1 Form I-140, which is used to petition foreign workers to permanently work in the United States, costs $700 in filing fees, applying for an immigrant visa from abroad on the basis of an approved I-140 costs $345, and adjustment of status costs $1,225, which includes biometric fees, not including dependents. Filing for Advance Parole in some cases costs an additional $575. *A new fee rule has been promulgated but is on hold with the courts that would increase the adjustment of status costs.
2 Public law 114-113 requires that businesses with more than fifty employees where more than half employees are on H-1B or L-1 status must pay an additional $4000 fee for each H-1B or L-1 employee they hire.
3 Premium processing an additional cost of around $1,500.

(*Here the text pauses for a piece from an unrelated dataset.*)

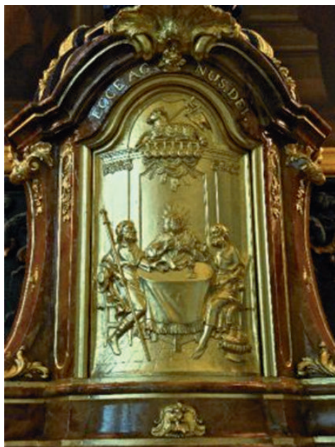
- Op de deur van het tabernakel in de Oud-Katholieke parochiekerk van Delft afbeeldingen van het Lam met de zeven zegels en de Emmaüsgangers aan tafel met de verzezen Heer die het brood deelt.

Dat gebeuren is vaak uitgebeeld. Bijvoorbeeld in mijn eerste parochie Amersfoort op een schilderij in het priesterkoor, in de kathedraal in Utrecht boven de deur naar één van de sacristieën, in de parochie Delft op de deur van het grote, vergulde tabernakel.

4 Fraud Prevention and Detection fee can cost up to $500.
5 5 If the employee and the employer are represented by the same counsel, costs have to be borne by the employer.
6 6 In some cases, classified as visa portability, employees may change jobs without starting a new process. To meet the visa portability requirement, the foreign employee must have a pending Adjustment of Status or Application to Register Permanent Residence with USCIS for 180 days or more and the new job offer or employer must be of the same or similar occupational classification as outlined in the original Immigrant Petition for Alien Worker form.